Thermal/ground vias 2004 can be similar to thermal/ground vias 412 described with reference to FIG. 4. As shown in FIG. 20, thermal/ground vias 2004 can be partially filled. In an embodiment, thermal/ground vias 2004 can be filled with a material that is thermally and electrically material such as copper. In a further embodiment, thermal/ground vias 2004 can be filled with a material having a thickness of approximately 15-20 μm (e.g., where the diameter of thermal/ground vias is approximately 225 μm).

A distance 2006 between the center of adjacent thermal/ground vias 2004 can be approximately 1 mm. A distance 2008 between the center of an outer one of thermal/ground vias 2004 and the outer edge of thermal land 2000 can be approximately 100 μm. A distance 2010 between edges of adjacent thermal/ground vias 2004 can be approximately 1 mm. A distance 2014 between opposite edges of adjacent thermal/ground vias 2004 can be approximately 0.9 mm. As noted above, a diameter 2012 of thermal/ground vias 2004 can be approximately 225 μm.

FIG. 21 shows a diagram of a thermal land 2100. Thermal land 2100 can be used for relatively smaller thermal connectors (e.g., whereas thermal land 2000, shown in FIG. 20, can be used for relatively larger thermal connectors). Thermal land 2100 includes an opening 2102 and thermal/ground vias 2104. As shown in FIG. 21, opening 2102 surrounds a thermal/ground via 2104a. As shown in FIG. 21, thermal/ground via 2104a is capped. Solder mask, epoxy, or other suitable materials can be used to cap thermal/ground via 2104a. Capping thermal/ground via 2104a can prevent materials (e.g., solder) from entering thermal/ground via 2104a during a reflow surface mount assembly process.

Exemplary Methods of Assembly

FIG. 22 is a flowchart of an exemplary method 2200 of assembly an IC device. Other structural and operational embodiments will be apparent to persons skilled in the relevant art(s) based on the following discussion. The steps shown in FIG. 22 do not have to occur in the order shown. The steps of FIG. 22 are described in detail below.

In step 2202, a thermal connector is coupled to a first surface of an IC die. For example, in FIG. 3, thermal connector 306 is coupled to first surface 305a of IC die 304. Thermal connector can be coupled to the first surfaces of the IC die using an adhesive as in, e.g., the embodiments shown in FIGS. 3, 5, 7, 9, 11, 16, 17, and 19. In another embodiment, the thermal connector can be coupled to the first surface of the IC die by locking it into place using a molded underfill material as in, e.g., the embodiment shown in FIG. 12. In still another embodiment, the thermal connector can be coupled to the first surface of the IC die by coating the first surface of the IC die with a thermally conductive material as in, e.g., the embodiments of FIGS. 13 and 14.

The thermal connector can be coupled to the first surface of the IC die before or after wafer singulation.
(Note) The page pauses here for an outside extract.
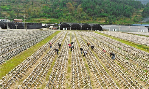 敖寨乡村民在木耳基地整理菌棒。经济日报-中国经济网 记者王新伟/摄
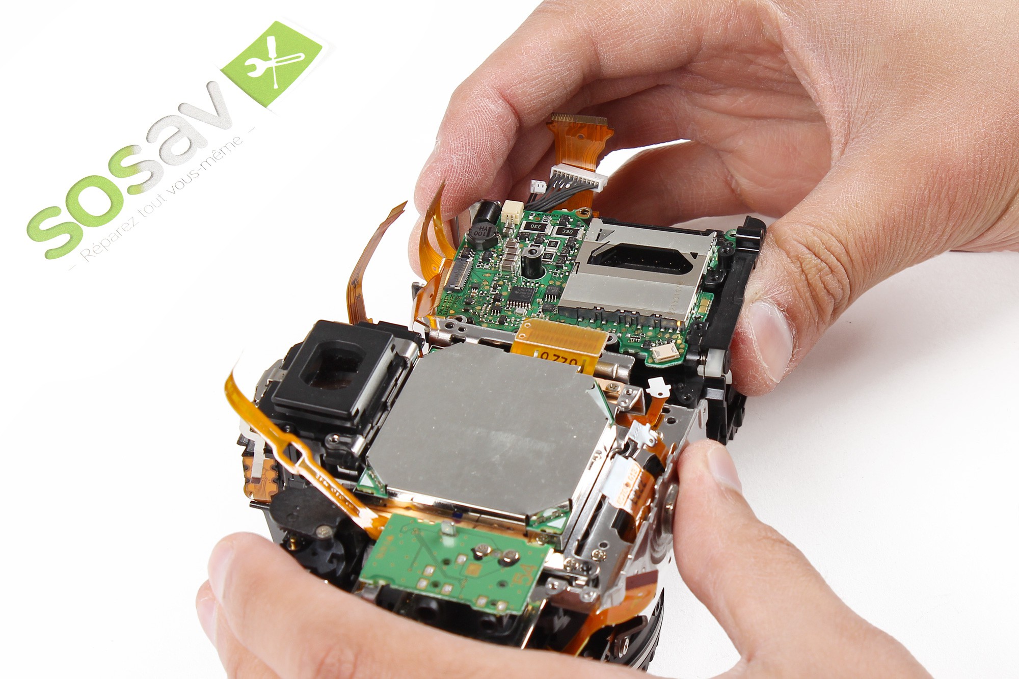 Saisissez l'appareil puis soulevez très délicatement par la gauche la façade avant afin de la déclipser du reste de l'appareil.N'essayez pas d'ôter totalement la façade à cette étape ! Une nappe relie la façade avant au reste de l'appareil photo.

Before wafer singulation, the thermal connectors can be coupled as a group to the first surface of each IC die in the wafer. After singulation, the thermal connectors can be coupled to the first surface of each IC die individually.

In step 2204, the second surface of the IC die is coupled to a substrate. For example, in FIG. 3, second surface 305b of IC die 304 is coupled to substrate 302 through bumps 310.

In step 2206, an underfill material is injected between the IC die and the substrate. For example, in FIG. 3, underfill material 312 can be injected to fill the spaces between substrate 302 and IC die 304. In an embodiment, underfill material 312 can protect solder bumps 310.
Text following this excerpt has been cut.